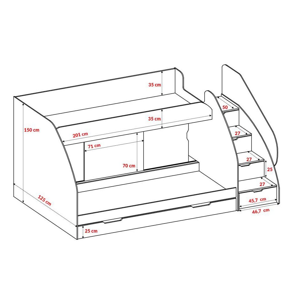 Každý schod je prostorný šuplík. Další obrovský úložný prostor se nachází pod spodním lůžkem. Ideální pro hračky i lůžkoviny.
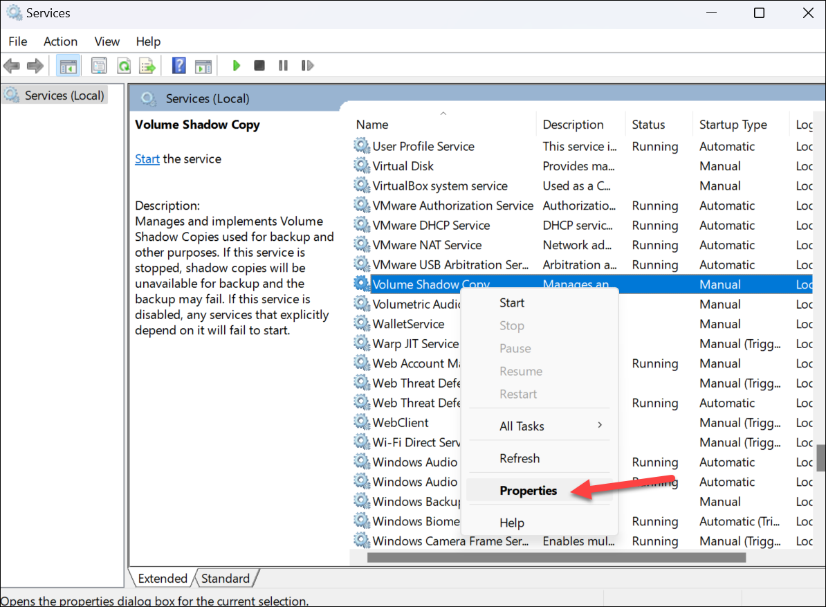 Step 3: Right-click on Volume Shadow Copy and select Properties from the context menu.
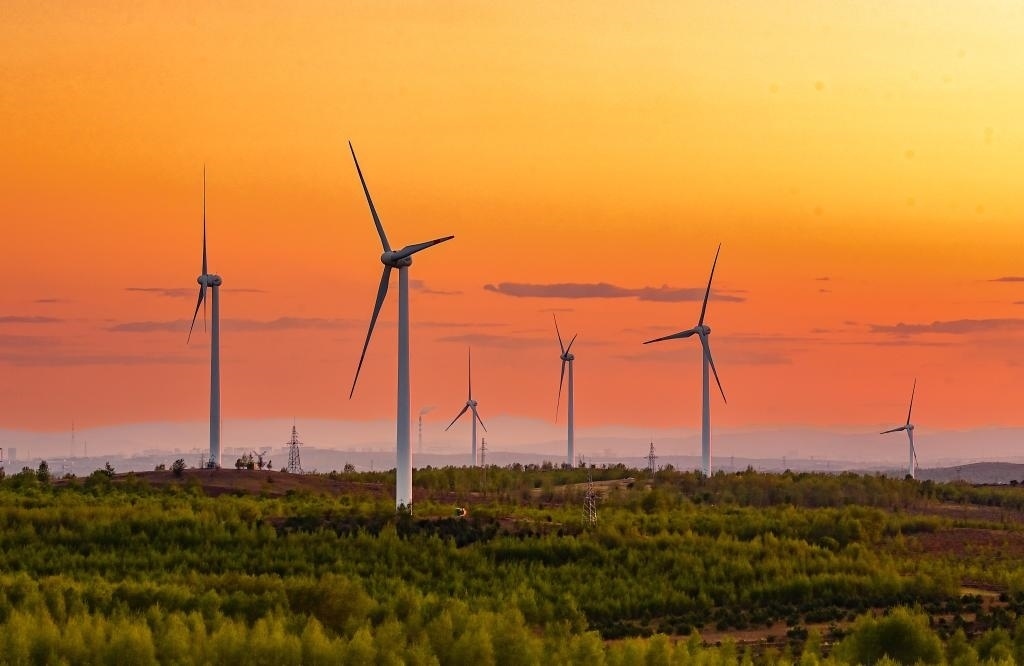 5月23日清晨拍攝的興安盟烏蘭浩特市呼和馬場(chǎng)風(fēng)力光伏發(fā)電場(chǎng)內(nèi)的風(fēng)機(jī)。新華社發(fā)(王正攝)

▶ [What you should do]
Your answer must be an exact copy of the data above, minus its pictures.

▶ [Worked solution]
 Každý schod je prostorný šuplík. Další obrovský úložný prostor se nachází pod spodním lůžkem. Ideální pro hračky i lůžkoviny.
 Step 3: Right-click on Volume Shadow Copy and select Properties from the context menu.
 5月23日清晨拍攝的興安盟烏蘭浩特市呼和馬場(chǎng)風(fēng)力光伏發(fā)電場(chǎng)內(nèi)的風(fēng)機(jī)。新華社發(fā)(王正攝)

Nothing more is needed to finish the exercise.